ホーム>スタッフブログ>ミタスブログ>住宅の断熱性と快適性を考える(2)
ミタスブログ

住宅の断熱性と快適性を考える(2)

前回(1)の続きです。http://www.mitasu.com/blog/2018/03/1-2.php

住宅の断熱性能を表す数値にQ値があります。

以前は、このQ値だけが使われていましたが、当初から「Q値の比較は意味がない」と主張してきました。

その理由は大きく2つあります。

建物は2次元の形状が様々ですし、3次元の形状も様々です。

Q値は平面形状や立面形状を完全に無視していて、単に平面的な大きさだけを考えての比較だからです。

住宅は単一形状ではありません。

平面的にも立面的にも様々なので、本来の性能比較とは違った数値が出てしまうからです。

この数値の定義が、そもそも3次元の住宅に適していないので、意味がないと述べてきました。

 

ふたつ目の理由は、換気設備などの熱環境の性能だけに注目して数値をゆがめるからです。

建物そのものの断熱性能ではなく、設備で大きく数値が動くからです。

建物そのものの断熱性能を上げるより、設備で上げる方が簡単なのでそれを使って安易にQ値をあげようとします。これでは、Q値が良くても快適な住宅とはいえないのです。

その理由は、シリーズの最後まで読まないと正確にはわかりません。

前回の最初に述べた、温熱だけをとっても伝導、対流、輻射で考えないといけないからです。

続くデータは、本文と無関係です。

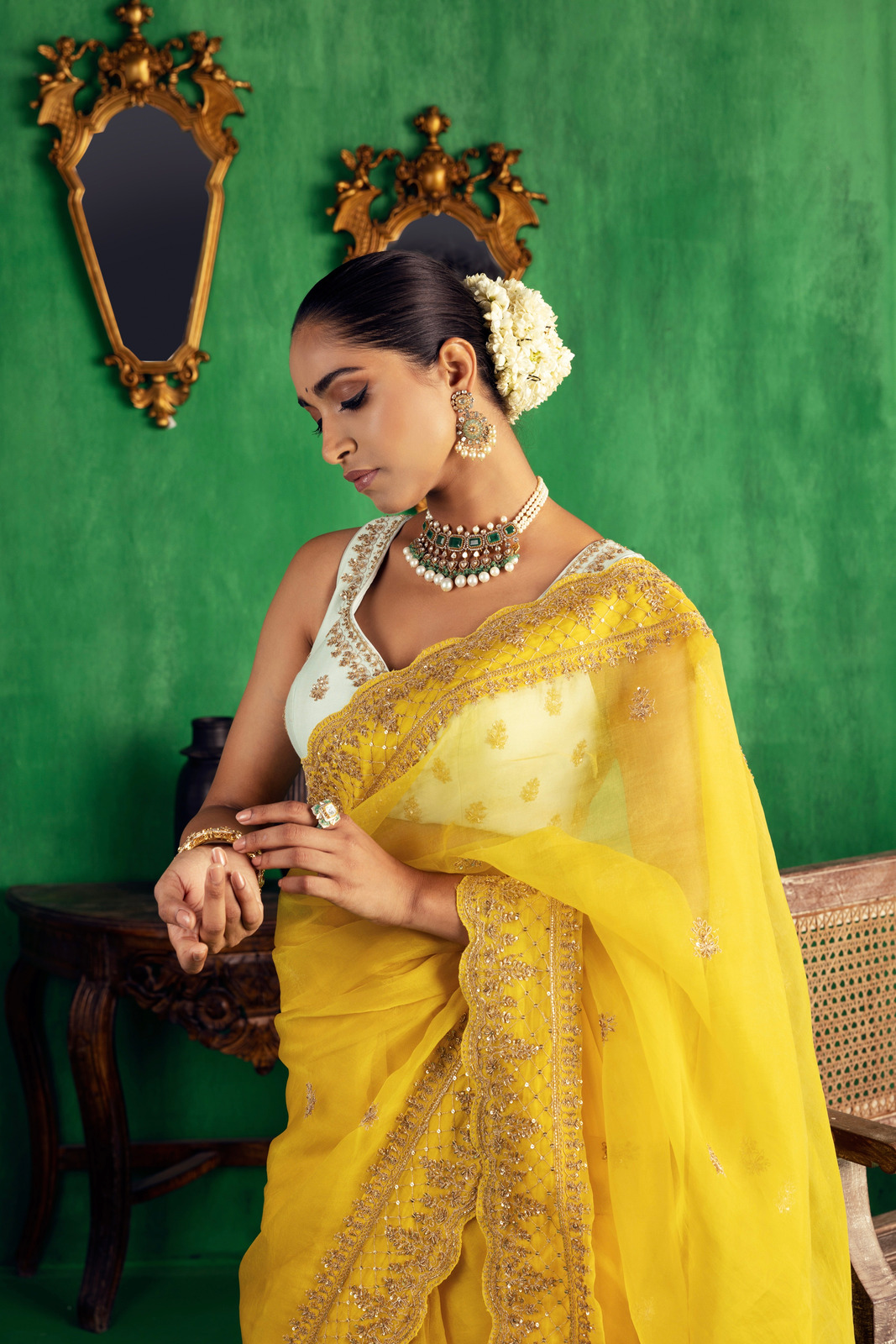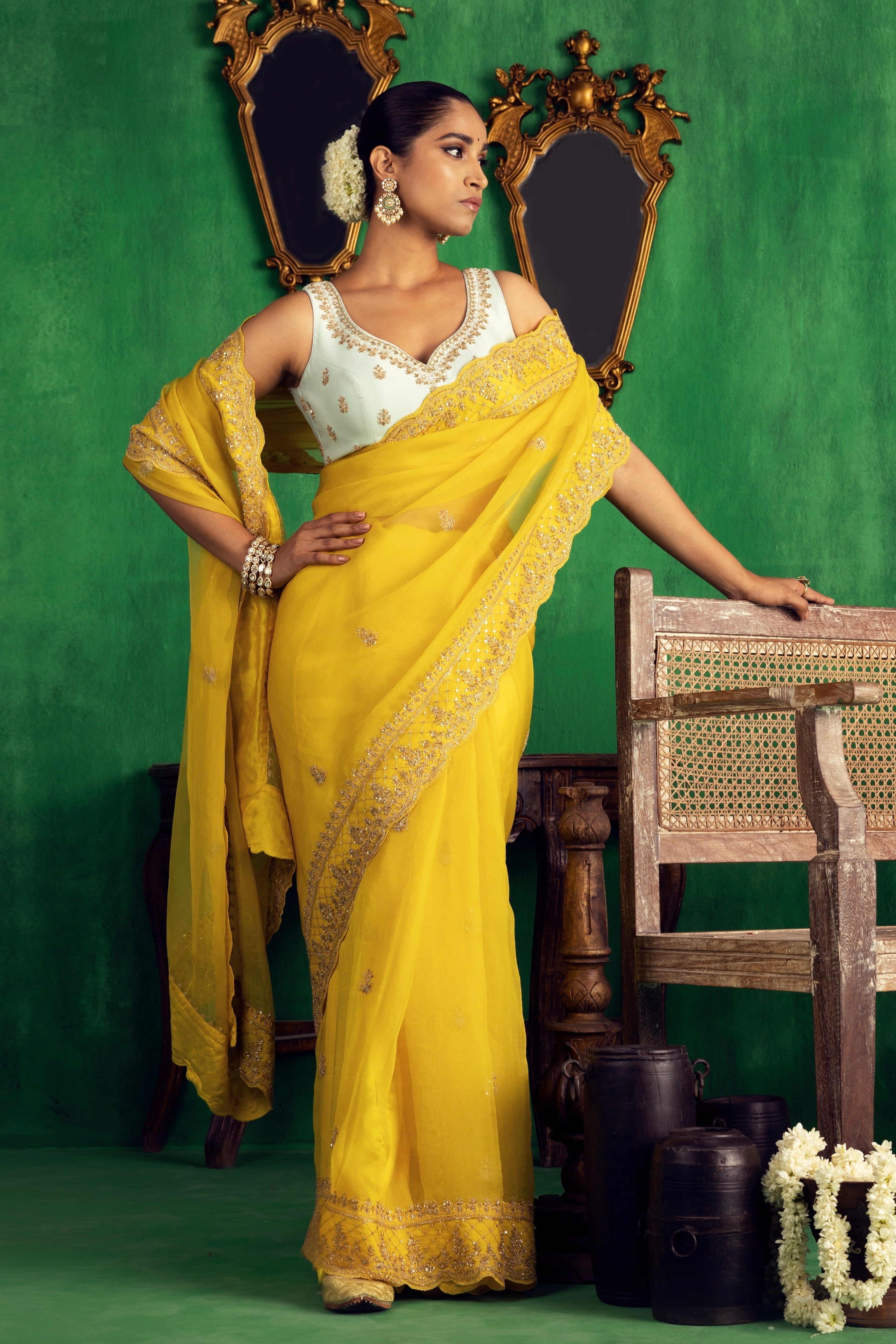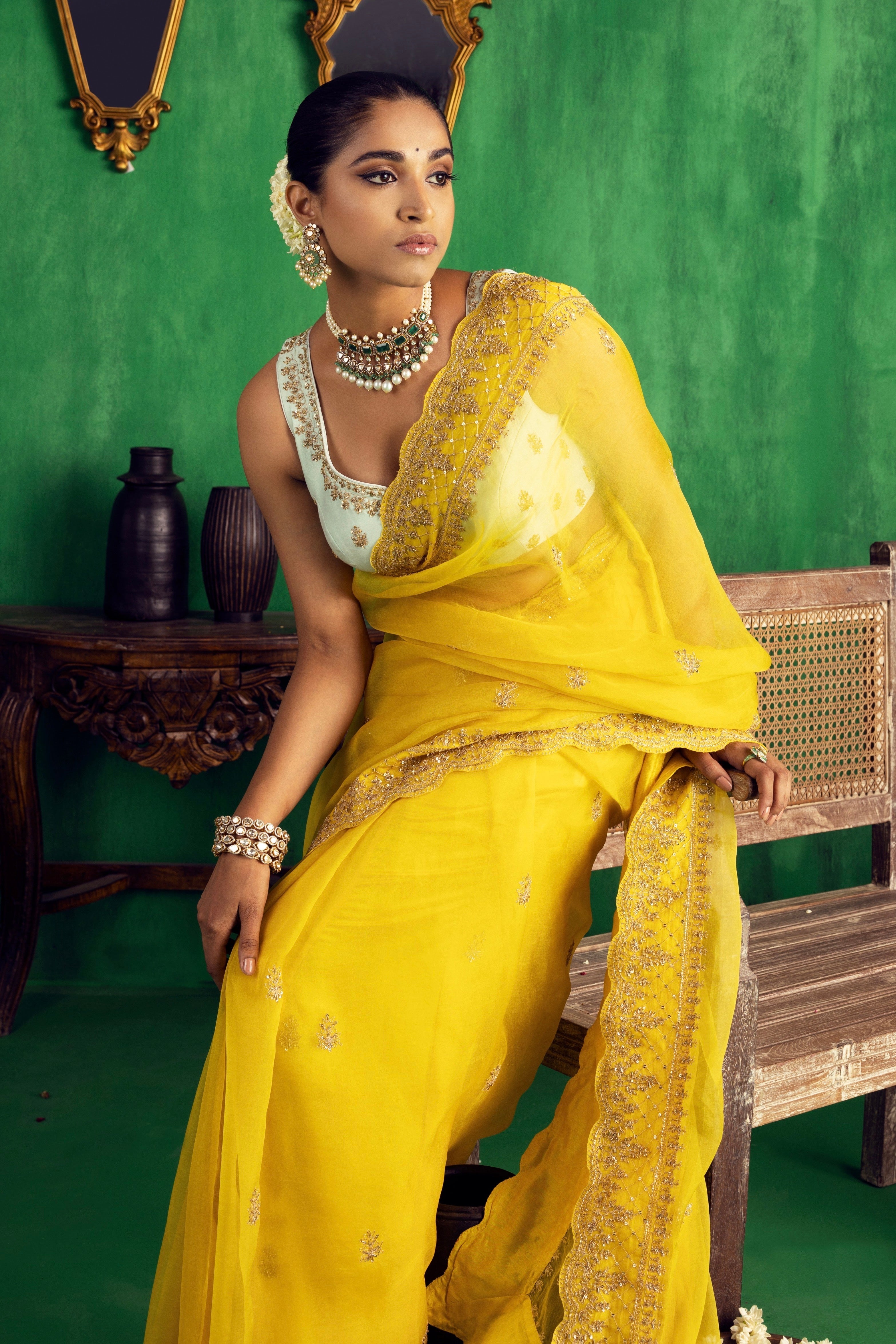 Featuring a yellow Organza saree paired with a Chanderi aqua-coloured blouse with gold dori and aari embroidery

しかも、この設備には温熱環境以外で欠点があるのです。

住宅の快適性を考えていくと、温熱環境以外の他の要素も大切になってくるのです。

この点でも設備選択には注意が必要ですが、Q値を良くするために無視されています。

 

現在、ようやくQ値だけでなくUA値も性能の条件に入ってきました。

UA値は、設備に左右されずに建物の断熱性での比較であること、

さらに3次元の建物形状を考慮した定義ですので、これは設計上での比較においては

意味がある数値になります。但し、あくまで設計上です。

この意味は、近いうちに説明します。

次回は、もうひとつのC値について、何が問題かを述べましょう。